Und dann  diese Sache mit den Händen. Wer ein quaderförmiges Geschenk einpackt, muss das Papier ordentlich zusammen halten, die Spannung halten; und während mir in diesem Moment schon der Angstschweiß des Versagens den Rücken runter läuft, stelle ich fest, dass ich noch nicht den Tesafilmstreifen von der Rolle gelöst habe. Also die weit entfernte Rolle mit dem Fuß her angeln, während die Hände die Spannung halten. Dann die Hände gegen das Kinn tauschen, das fortan die Spannung hält, während meine Hände den Tesafilm (der sich dabei freilich verklebt) von der Rolle zu lösen versuchen.

Dabei hab ich sicher wahnsinnig bescheuert ausgesehen.

Liebes Chtristkind: Zu Weihnachten wünsche ich mir einen dritten Arm.

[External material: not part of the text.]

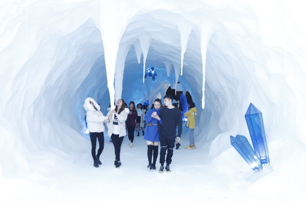 Đi qua đường hầm băng giá dài 50m, cảm giác như đang lạc ở Bắc cực xa xôi ngay giữa trời Fansipan thật thú vị. Sắc trắng của những nhũ băng tuyết rủ xuống, sắc xanh của những khối màu pha lê thi thoảng bật lên trên nền trắng xóa của đường hầm, tựa hồ như khi đang đi giữa hầm băng bí ẩn và phát hiện một khối kim cương khổng lồ, vô cùng thú vị. Và khi những bông tuyết rơi trong đường hầm, cảm giác ngỡ ngàng thích thú ấy thậm chí còn còn vỡ òa hơn thế nữa. Khung cảnh Bắc cực này chắc chắn sẽ tốn rất nhiều dung lượng bộ nhớ trong máy ảnh hoặc điện thoại của bạn.

Und dann diese gottverdammten Schleifen. Die sind meine Nemesis. Einfach drum wickeln, zuknoten, zwirbeln, mag sich frau denken. Ich hingegen scheitere immer am Knoten, bei dem ich ebenfalls verzweifelt die Spannung zu halten suche, wieder auf mein Kinn zurück greifen muss. Liebes Christkind, a propos: Vielleicht doch lieber gleich zwei neue Arme. Der Symmetrie wegen.

Als ich bereits total verzweifelt bin, in einem Hafen zerfledderten Geschenkpapiers und verklebter Tesastreifen sitze, tritt er endlich ein: Der Messias. In Form meiner Schwester. Sie lacht; über das Chaos und auch über meinen verzweifelten Blick. Kniet sich nieder, und hilft mir, zumindest die Geschenke der Eltern noch geschickt zu verpacken.

Liebe Frauen dieser Welt, bitte seht es ein: Wir modernen Bobo-Männer haben uns in vielerlei Hinsicht an Euch angepasst. Wir haben kochen und putzen gelernt, kaufen modische Kleidung, gehen regelmäßig zum Frisör. Die meisten von uns waschen sich sogar täglich. Wir haben uns von Euch emanzipiert, weil Ihr es von uns erwartet habt, und weil wir Euch lieben. Aber in Momenten wie diesen wissen wir, dass wir kapitulieren müssen: Am Ende bleiben wir doch die ungehobelten Affen, die von Euch abhängig sind. Danke, dass es Euch gibt.

So, und ich geh mir nun erst mal den Schweiß abduschen, bevor ich in Richtung Christmesse aufbreche.